We appreciate the interest of Dr. Wakasugi and Dr. Sakaguchi in our recent publication about the association of serum mineral parameters with mortality in hemodialysis patients, an analysis of the data from the nationwide Korean Society of Nephrology (KSN) End-Stage Renal Disease (ESRD) Registry. As they have commented, our results have some discrepancy with other studies on the association between serum phosphorus level and mortality, including one from Japanese Renal Data Registry data [1], in that hyperphosphatemia was not significantly associated with increased mortality. Although limited, data from one study showed results similar to ours. In a Portuguese observational cohort study, patients with hyperphosphatemia did not show difference in mortality (hazard ratio [HR], 1.00; 95% confidence interval [CI], 0.74–1.35), whereas patients with hypophosphatemia showed increased mortality (HR, 1.29; 95% CI, 1.07–1.55) [2].

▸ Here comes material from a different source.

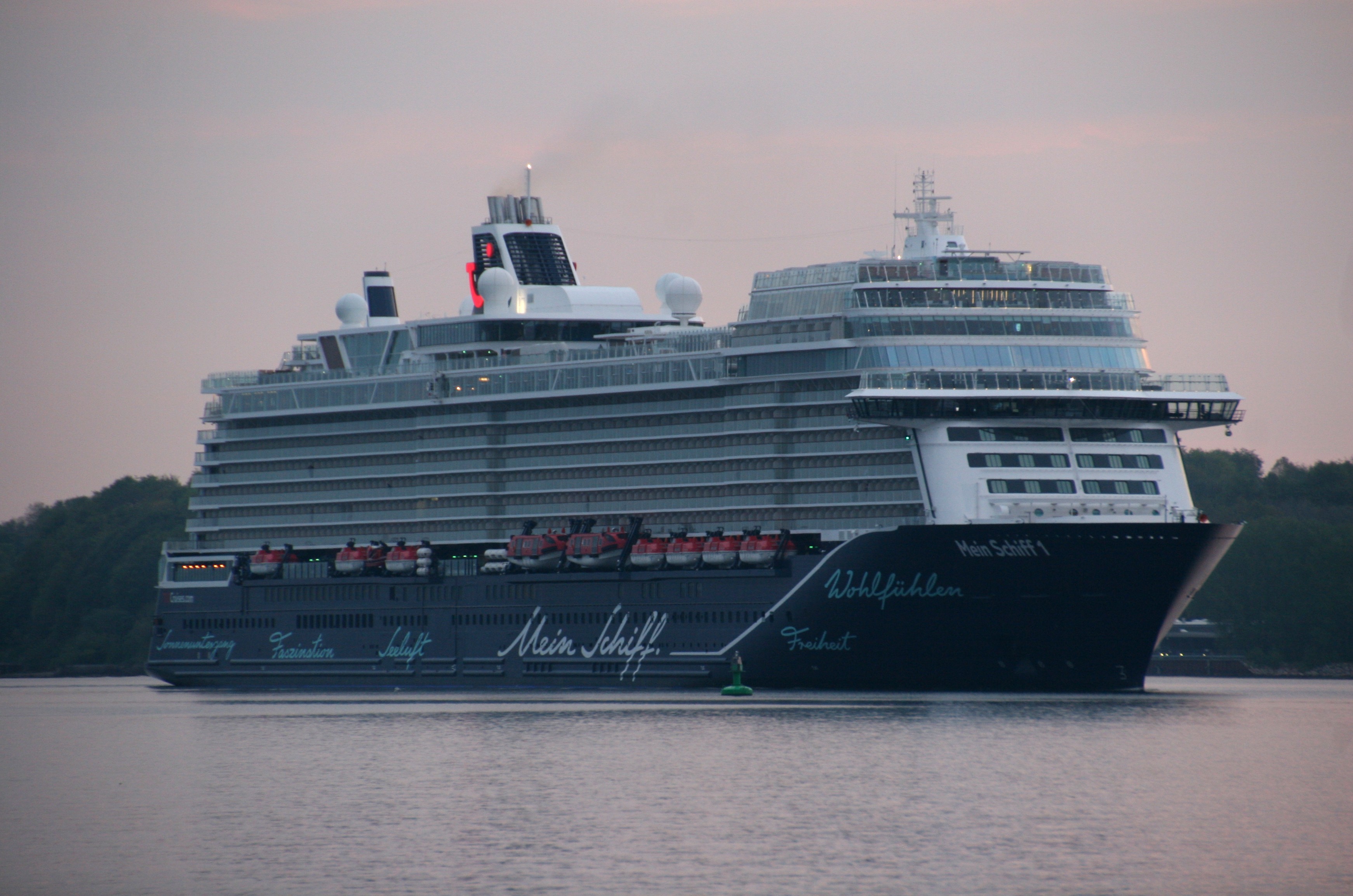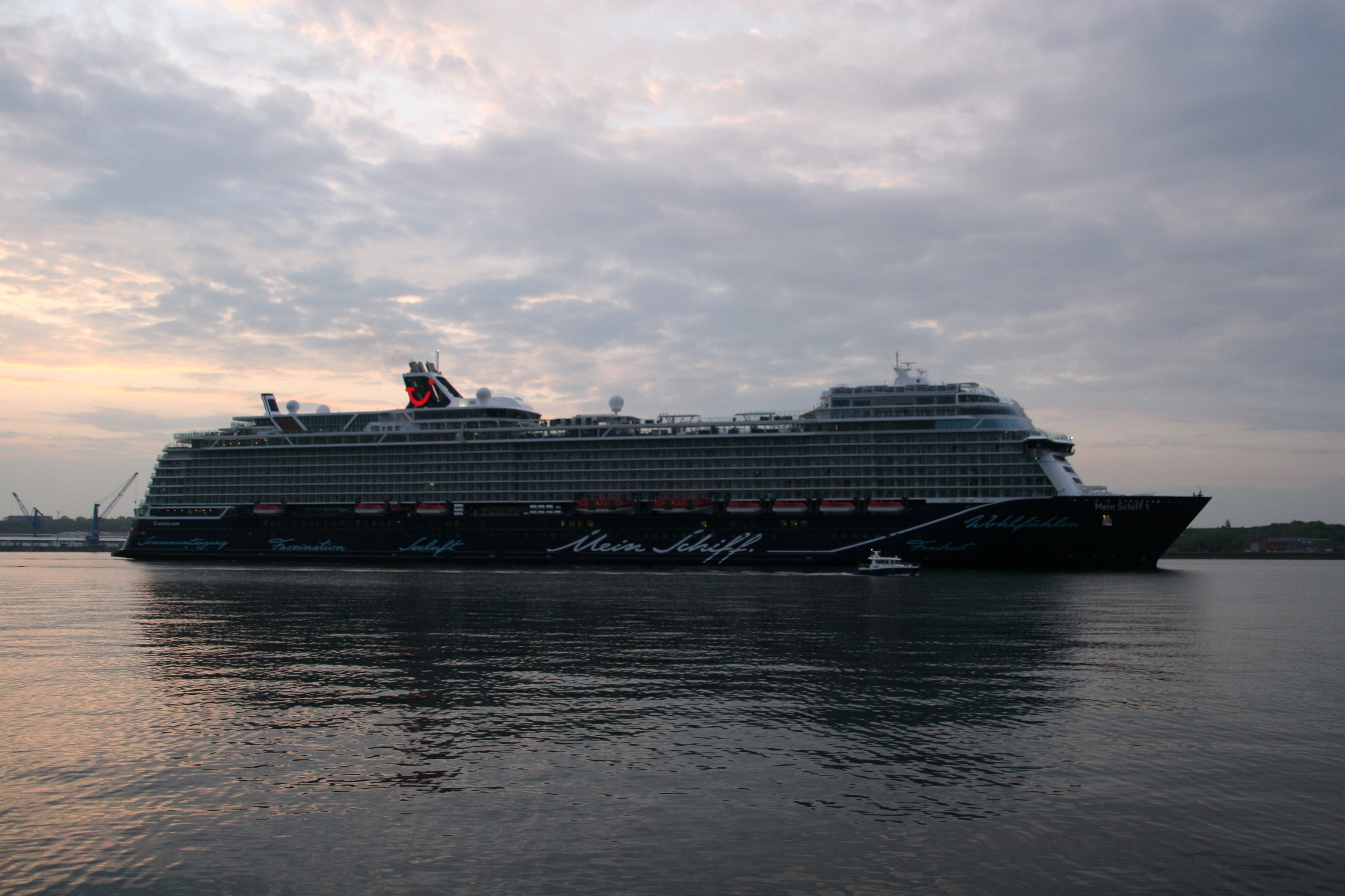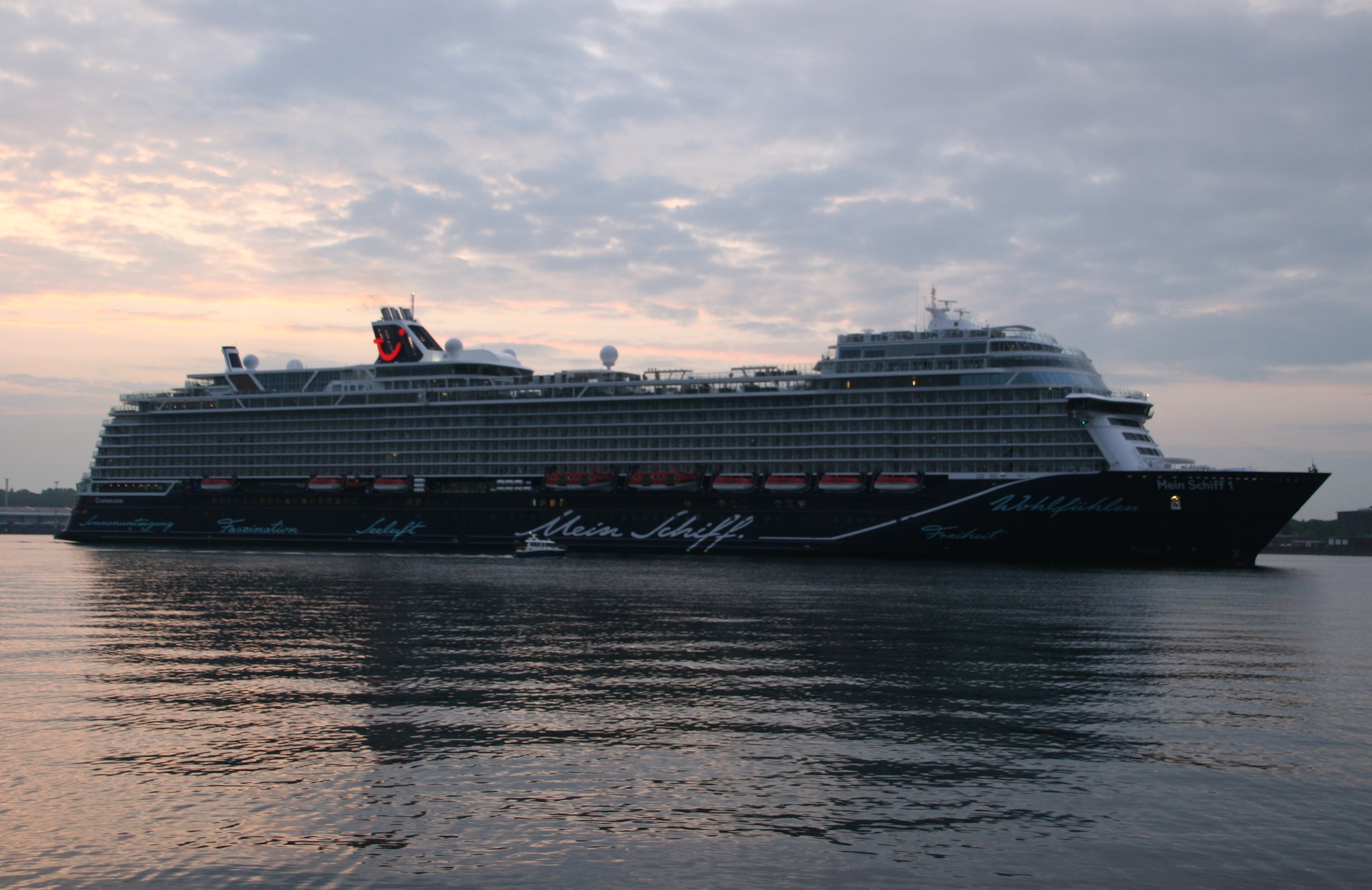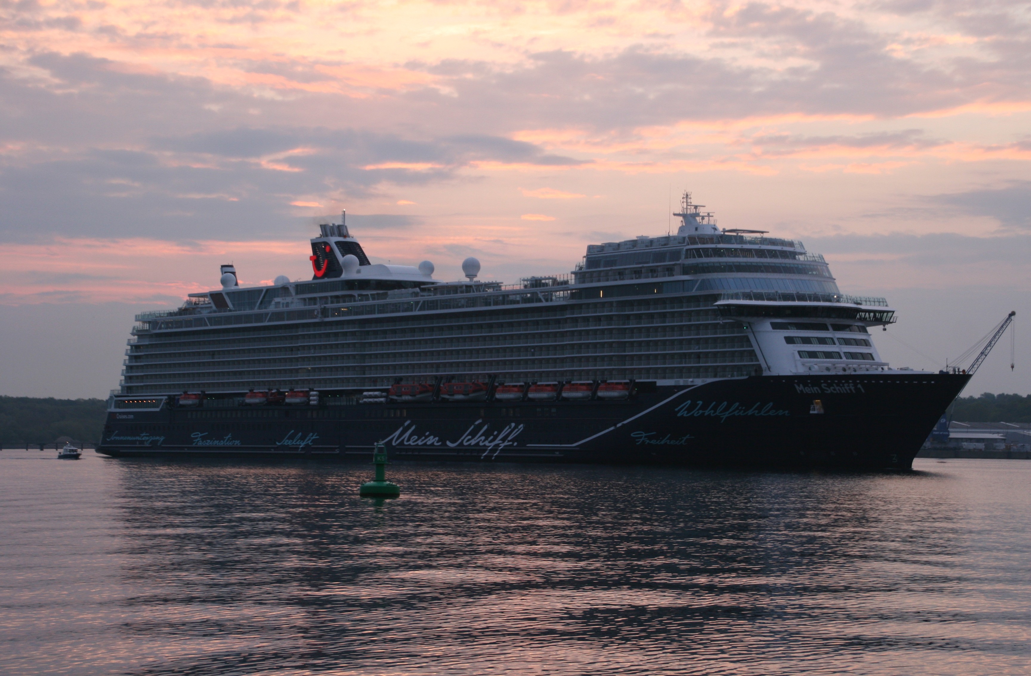 Die Mein Schiff 1 kommt am 10.05. um 05:39h zu ihrer ersten Revierfahrt in der Saison 2019 auf der "Kieler Förde" um die "Ecke"

We speculated several explanations for our results. Favorable nutritional status may have attenuated the hazardous effect of hyperphosphatemia. In our post-hoc analysis of the KSN ESRD Registry data, increased risk of mortality in the high phosphorus group was exhibited only if combined with concurrent low serum albumin level, suggesting that the nutritional status attenuated the harmful effect of high phosphorus level (Table 1). Nutritional indices other than serum albumin could provide further information. However, we were unable to examine the relevance of normalized protein nitrogen appearance (nPNA) in the relationship between phosphorus and mortality, because data on nPNA were missing in many subjects.
Table 1.
Phosphorus (mg/dL) | Albumin (g/dL) | Number | Adjusted HR* (95% CI) | P value |
---|---|---|---|---|
< 3.5 | < 3.8 | 2,021 | 2.255 (1.935–2.628) | < 0.001 |
≥ 3.8 | 1,640 | 1.243 (1.022–1.512) | 0.030 | |
3.5–5.5 | < 3.8 | 3,994 | 1.665 (1.454–1.907) | <0.001 |
≥ 3.8 | 7,281 | Reference | ||
> 5.5 | < 3.8 | 1,562 | 1.744 (1.456–2.089) | < 0.001 |
≥ 3.8 | 4,935 | 1.012 (0.861–1.189) | 0.888 |
CI, confidence interval; HR, hazard ratio.
Adjusted for age, sex, dialysis vintage, etiology of renal failure, history of cardiovascular diseases, body mass index, hemoglobin, single-pool Kt/V, corrected calcium, and intact parathyroid hormone.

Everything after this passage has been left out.